**Work task**
Each line in the material below, starting at the one with "Les frères Seguin" and ending at the one with "Classic Prong Set", is to be reproduced exactly; no picture is to be copied.

**Data for analysis**
[Start of section]
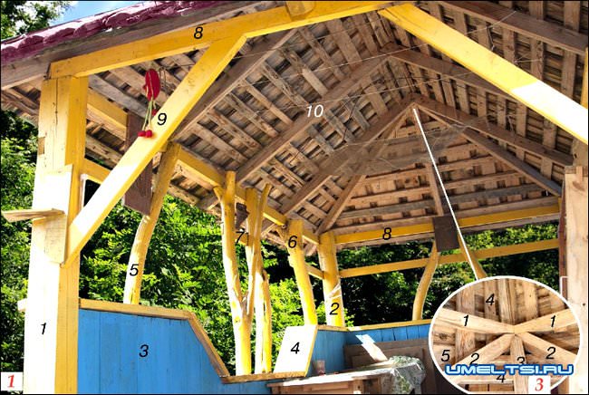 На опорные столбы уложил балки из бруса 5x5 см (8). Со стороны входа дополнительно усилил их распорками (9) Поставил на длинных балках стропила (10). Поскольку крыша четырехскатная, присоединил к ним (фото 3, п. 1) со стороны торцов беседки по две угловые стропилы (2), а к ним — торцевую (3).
[End of section]
[Start of section]
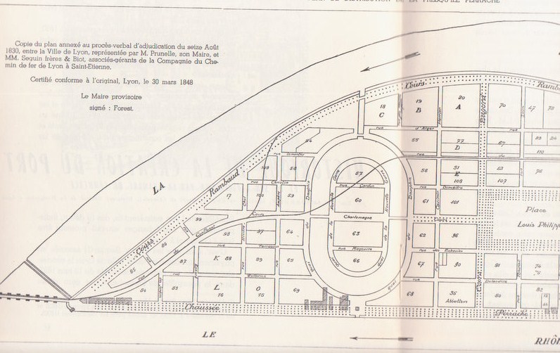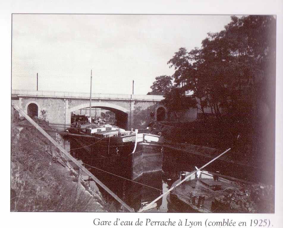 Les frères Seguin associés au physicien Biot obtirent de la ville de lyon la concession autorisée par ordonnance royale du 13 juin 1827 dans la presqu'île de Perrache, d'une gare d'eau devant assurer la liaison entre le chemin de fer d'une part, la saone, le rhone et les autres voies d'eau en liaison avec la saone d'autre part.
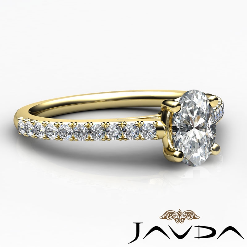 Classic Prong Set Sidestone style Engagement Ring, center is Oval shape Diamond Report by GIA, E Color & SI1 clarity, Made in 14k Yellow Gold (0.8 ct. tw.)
[End of section]
[Start of section]
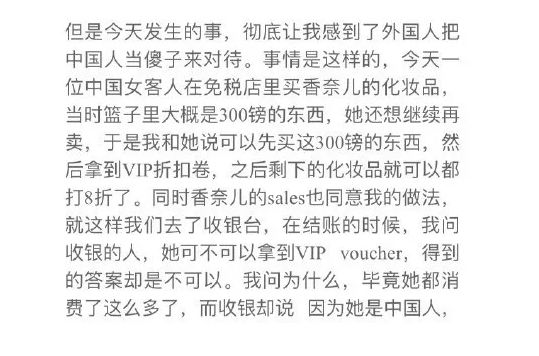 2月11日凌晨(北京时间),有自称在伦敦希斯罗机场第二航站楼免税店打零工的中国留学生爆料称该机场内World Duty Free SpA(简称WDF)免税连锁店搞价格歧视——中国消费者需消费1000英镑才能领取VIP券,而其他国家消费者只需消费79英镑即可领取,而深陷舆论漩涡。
[End of section]
**Result of this task**
 Les frères Seguin associés au physicien Biot obtirent de la ville de lyon la concession autorisée par ordonnance royale du 13 juin 1827 dans la presqu'île de Perrache, d'une gare d'eau devant assurer la liaison entre le chemin de fer d'une part, la saone, le rhone et les autres voies d'eau en liaison avec la saone d'autre part.
 Classic Prong Set Sidestone style Engagement Ring, center is Oval shape Diamond Report by GIA, E Color & SI1 clarity, Made in 14k Yellow Gold (0.8 ct. tw.)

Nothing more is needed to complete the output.